Which is the author’s way of signaling future developments involving Catherine, who is 17, and Isabella, who is four years older, and who, besides being a schemer as monstrous as any in all of Austen, has a loud, boastful brother who lies, cheats, and bullies his way Trumpishly through life with a righteous abandon that eventually ignites the novel’s denouement, the heroine’s abject humiliation and glorious recovery.

A Confession

I have to admit that I was as indelicately, indiscreetly susceptible to Mysterious Warnings and Horrid Mysteries as Catherine Morland when riding through the Indian night with Northanger Abbey in my lap. As Isabella chattered of black forests and midnight bells, I was enjoying the way those Gothic phrases connected with the night mood of ghostly stops along the line, phantom rickshaws, spectral chai wallahs, and “strangely touchy” station masters. Reading by the dim, fitful light, I had the sense that the author’s little world of make believe was disintegrating in my hands, the ink smearing with the touch of my fingers, paragraphs caving in around elaborate typographical errors, England infecting India, India infecting Austen.

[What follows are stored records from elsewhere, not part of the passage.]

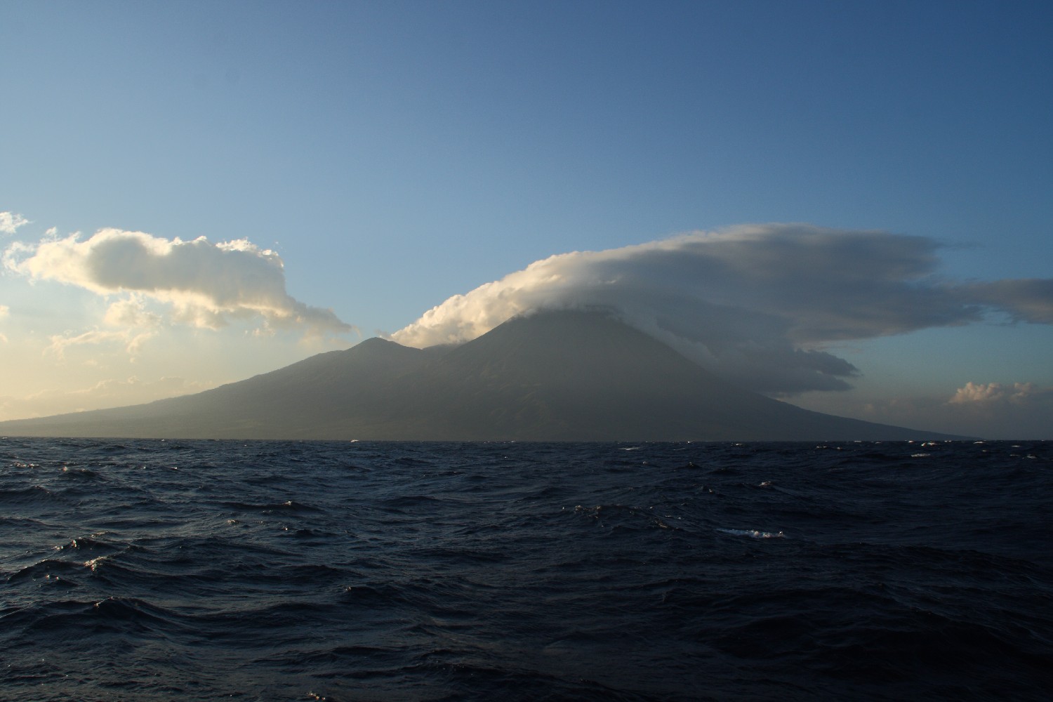 Wir segeln die Nordküste von Flores entlang von Ost nach West.  Wir verfolgen die sich ständig wechselnden Ansichten der Hügel- und Bergketten, welche die langgestreckte Insel durchziehen. Leider wird der SE-Passat durch die Insel abgedeckt, sodass die Winde nur sehr schwach sind. Einerseits freuen wir uns über die ruhige See, ein vollkommen ungewohntes Segeln, andererseits fehlt uns der Wind als Vortriebskraft. Lediglich die thermischen Winde, tags der Seewind und nachts der Landwind, ermöglichen uns für ein paar Stunden angenehmes Segeln.  So brauchen wir für die 306 sm insgesamt 81 Stunden, was einer Durchschnittsgeschwindigkeit von 3,7 kn entspricht, und leider müssen wir 25 Stunden lang die Maschine laufen lassen. Sonst lag unser Durchschnitt oft über 6 kn.
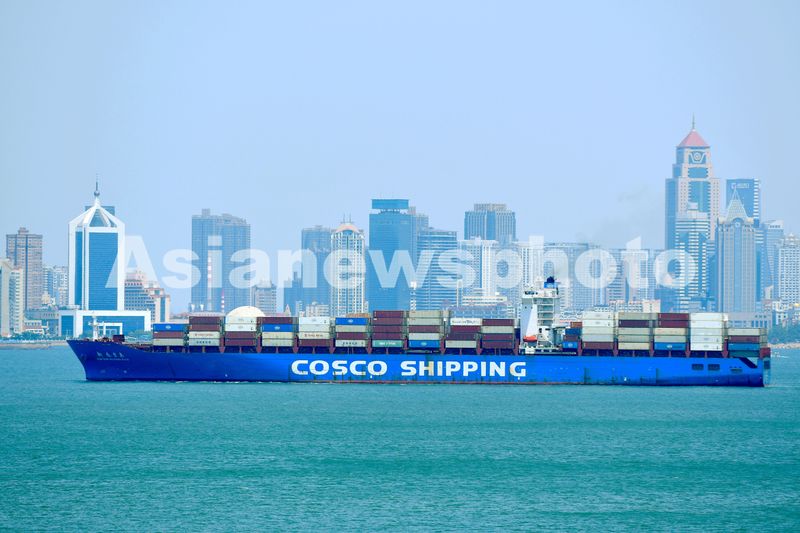 2025年5月18日,随着外贸行情好转,连接山东港口青岛港的青岛胶州湾航道,装载外贸集装箱以及其他货物的货轮来往穿梭,海运一派繁忙。
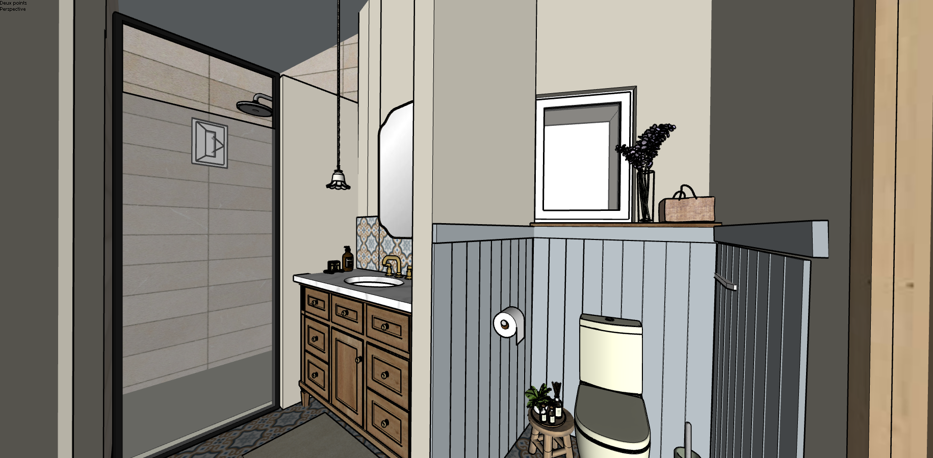 transform this sketchup model into a photorealistic architectural render keep the exact geometry proportions and layout and colors of the model materials realistic textures with natural imperfections wood grain stone texture matte paint lighting soft natural daylight coming from windows global illumination realistic shadows style high end contemporary interior design elegant and warm atmosphere add subtle details realistic reflections natural light bounce depth of field slight ambient occlusion camera architectural photography style wide angle 24mm eye level perspective render quality ultra realistic high resolution physically accurate lighting professional architectural visualization

Once again I have this urge to somehow relate England’s Jane to everything everywhere, as if constantly looking for ways to counter the stuffy stereotype Mark Twain had in mind when he said “Every time I read Pride and Prejudice, I want to dig her up and beat her over the skull with her own shin-bone.” Anyway, Twain’s aversion can be read as a backhanded compliment, as if he were shielding his eyes from the glare of her brilliance or recoiling from a sinister threat to his literary manhood. If she’s so intolerable, why does he keep reading her?

Jane’s Gambit

The Jane Austen who captivated me in graduate school had the perceptual rigor of a literary chess master gazing down at her characters as pawns, kings, and queens on society’s chess board. If you’ve seen The Queen’s Gambit recently, you may find yourself imagining Austen moving Catherine, her heroine, her queen, in and out of perilous situations — from Isabella to the Tilneys, Henry and Eleanor, to the General, from the Pump Room to the Abbey, from a wild unfinished ride to Blaise Castle with the cad John Thorpe that checked a move in the right direction. Too bad I know nothing about chess outside of my admiration for the series and its Medusa-eyed genius Beth Harman, played by Anna Taylor-Joy, whose previous role was as Jane Austen’s move-making Emma.

On the Money

In September 1813 when Pride and Prejudice was being read and wondered over, Austen wrote a letter to her brother Frank in which she observes “that the Secret [of her authorship] has spread so far as to be scarcely the Shadow of a secret now … I shall not even attempt to tell Lies about it — I shall rather try to make all the Money than all the Mystery I can of it — People shall pay for their knowledge if I can make them.”

Jane Austen has literally been on the money since July 2017, the 200th anniversary of her death, when the Bank of England issued a new ten pound note featuring her image.